В следующую секунду он выскочили из машины. Кобылкин успел открыть дверцу, прежде чем железные пальцы брата сжались на его куртке. Пробежав три-четыре круга вокруг помятой машины за братом, Круглый остановился и сказал, чуть успокоившись:
– Слушай, мне эти четыре года на фиг не нужны, понял, экспериментатор хренов? Заново все эти долги, кредиты, беготня по банкам и Люська? Нее-е-е, брат, давай-ка меня туда, откуда забрал со своим хреновым адреналином. Верне-е-емся, верне-е-е-емся!

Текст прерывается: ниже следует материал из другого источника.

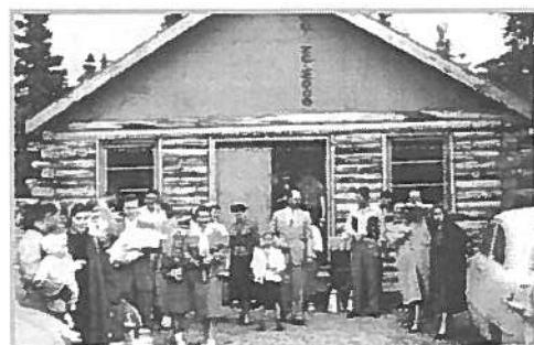
The first Roman Catholic Church in Kenai, a log structure finished in 1954, has been completely renovated.

Buildings, buildings, have kept the Kenai Historical Society occupied <heh, heh; little irresistible joke there> for some time. The history of the current home of the Peninsula Oilers' Baseball Club and a bingo hall, from its construction in 1957 as a retail space, has been documented, complete with photographs; the hospital is slated for a major expansion; and the first little Roman Catholic church, a log structure finished in 1954 but soon outgrown, has been completely renovated.

Вернулись, твою дивизию, на четыре года назад!
– Не психуй, – отвечал тяжело дышавший, но уже веселый Кобылкин. – Мы же не возвращались, нас сюда просто забросили, так же как из царского вагона, не по нашей воле! Я уверен, что вернуться при угрозе жизни мы сразу сможем, как тогда, с казаками, когда я один был, понимаешь? Разорался, псих… Значит, не просто так, значит, часы где-то здесь. Или зачем вообще? Что думаешь, почему в наше время-то?

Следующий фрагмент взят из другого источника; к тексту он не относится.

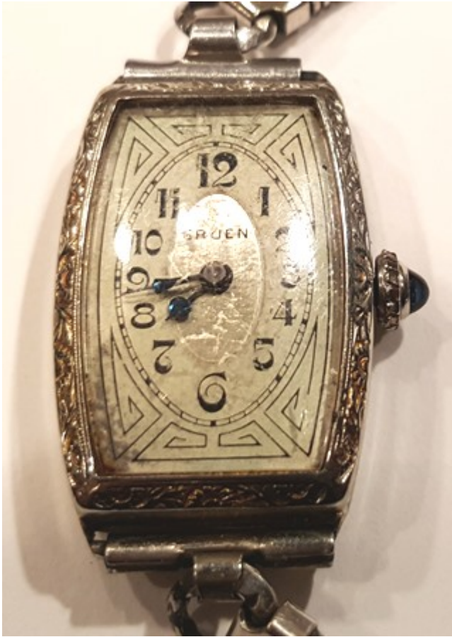
2) CaseSide.jpg , downloaded 1961 times

Женька остыл, махнул рукой и пошел за руль. Кобылкин сел рядом. Они медленно, всматриваясь в дорогу сквозь потрескавшееся стекло, поехали дальше, мимо поворота на Колпашево, куда тогда, четыре года назад они завернули и долго ждали врача в травмпункте. Так долго, что передумали и не доехали до Нарыма и Женькиного армейского друга.
С огромным трудом, уставшие, голодные, они добрались до Парабели, где их уже ждал Женькин друг по химическим войскам Андрюха.
– Дай-ка обнять тебя ефрейтор, – разбросив руки в стороны, пошел на встречу Круглому Андрюха, оглядывая машину. – Никак без приключений не обошлося, че!
Огромный, как медведь на задних лапах, метра два ростом, косая сажень в плечах, в безразмерных валенках, расстегнутом сверху ватнике, с голой могучей грудью в том месте, где у людей обычно начинается шея, и в огромной лисьей шапке Андрюха выглядел величественно. Сгреб в охапку старого сослуживца-земелю Круглого и легко оторвал от земли.
– Тихо-тихо! – сказал Женька, вырываясь из объятий Андрюхи. – Задавишь ведь, медведь нарымский! Жрать хочу, сил терпеть нету. Это мой брат Саня, я рассказывал. Слона бы сейчас съел…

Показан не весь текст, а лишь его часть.